The Role of an Attorney in Business Succession Planning

If you’ve spent your life’s work building up a business, it can be hard to think about how the business could ever continue on without you. But the fact is that if you want the business to thrive even after your gone, in the way you think it should, you really need to take some time to for business succession planning.

Since business succession planning can involve both legal issues and emotional issues, an attorney who specializes in business succession planning can really help you make sure that your business is legally sound for the future and can provide third-party counseling about decisions that can be emotionally draining.

There are two important issues that a business attorney can help you with: setting up ownership and managing the impact of estate taxes.

1. Ownership: To determine how your company will be owned, you need to first decide who will manage the company. If you are unattached to the company or want a clean split, you may consider transferring management and selling the company to an outside source. Or, you may want to search for an outside individual who seems to have good managerial and business skills. If you have children who work with you or long-term employees, you may want to leave leadership and ownership to them. If you have multiple children, some of whom work in your business and some who do not, you may want to consider dividing your company into voting and nonvoting stock.

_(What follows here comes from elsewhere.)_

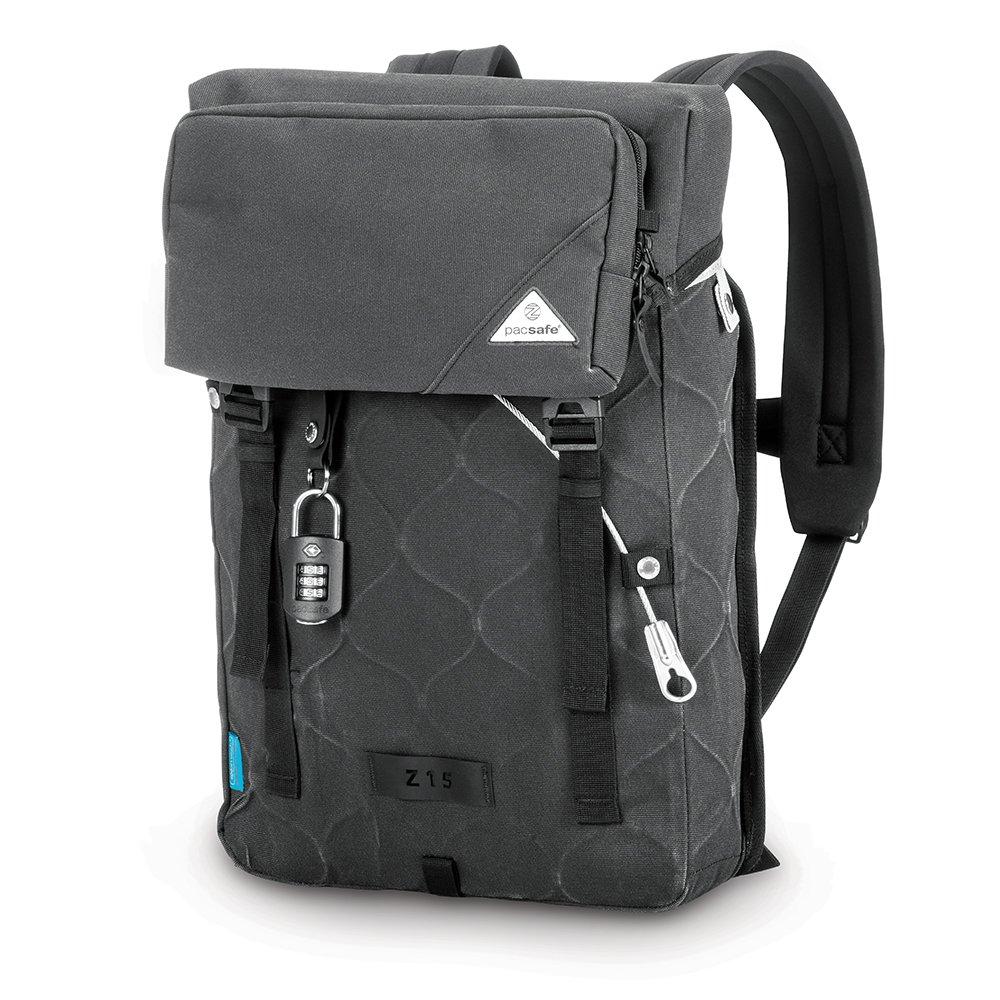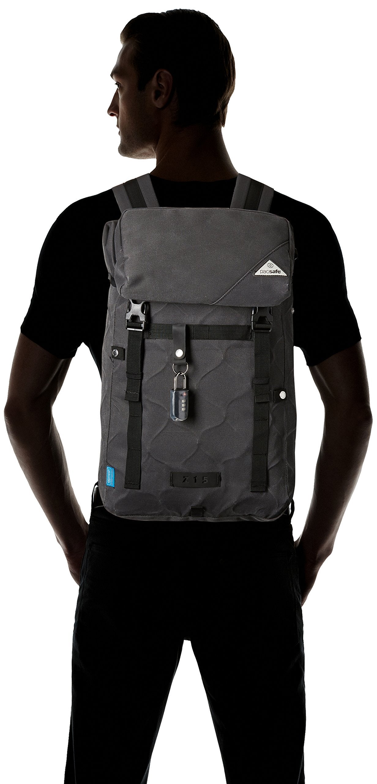 The Ultimatesafe Z15 Backpack from Pacsafe has been designed for the upwardly mobile urbanite who wants a simple, understated style backpack with built-in security features and retro touchpoints. The tough outer canvas fabric masks the even tougher eXomesh 360-degree locking system that helps prevent bag slashers from breaking in stealing those can't-live-without electronics and valuables. The pattern of the patented stainless steel eXomesh weave leaves an imprint on the bag, adding to its already rugged character. The locking system secures the bag completely closed, and comes with a TSA-accepted lock that can be used to lock the bag to a fixture for added security. In addition to the secure main compartment, other features on the Ultimatesafe Z15 include a zippered top compartment with smart zipper security, a padded and removable 15 laptop sleeve with two front pockets, as well as comfortable adjustable shoulder and sternum straps. The bag has a volume of 15-liters and weighs 3.2 pounds. Pacsafe keeps travelers one step ahead of the game by keeping their gear secure from opportunistic thieves with a wide range of stylish adventure backpacks, leisure bags, urban bags, womens bags, and camera bags, as well as luggage and travel accessories.

Stock options are also a good way to invest in and retain long-term employees who can assist the transition when your business experiences a change of leadership. Choosing a future management team for your business and trying to divide the worth of your business can feel overwhelming. An attorney can help you weigh your options and devise an ownership transfer to suit your needs and desires.

2. Taxes: If not carefully planned for, taxes that can arise when a business transfers hands can serve a hard and sometimes lethal blow to a business’s finances. Even if you are planning on leaving your business directly to your spouse, you still need to talk to an attorney with business succession planning. Estate taxes can still affect you if your business is worth more than a certain amount and you don’t take additional steps to lessen your tax burden.

If you are leaving your business to a child or long-term employee and you start early enough, you can gradually transfer your assets to them to avoid some of the tax strain. If you are a partner in a business, the partners may want to consider taking out life insurance policies on one another. That way the partners will be able to buy out your investment in the company upon your death and compensate your family. There are so many different taxes that can affect a business transfer and so many different succession scenarios that you really need to seek the advice of a business succession planning attorney for sound advice for your business.

When you spend your life investing in and growing a business, it can be hard to think about having to let go of your life’s work to someone else. But if you want to protect the business as best as you can, you need to plan in advance. A business succession planning attorney can make sure that you plan well.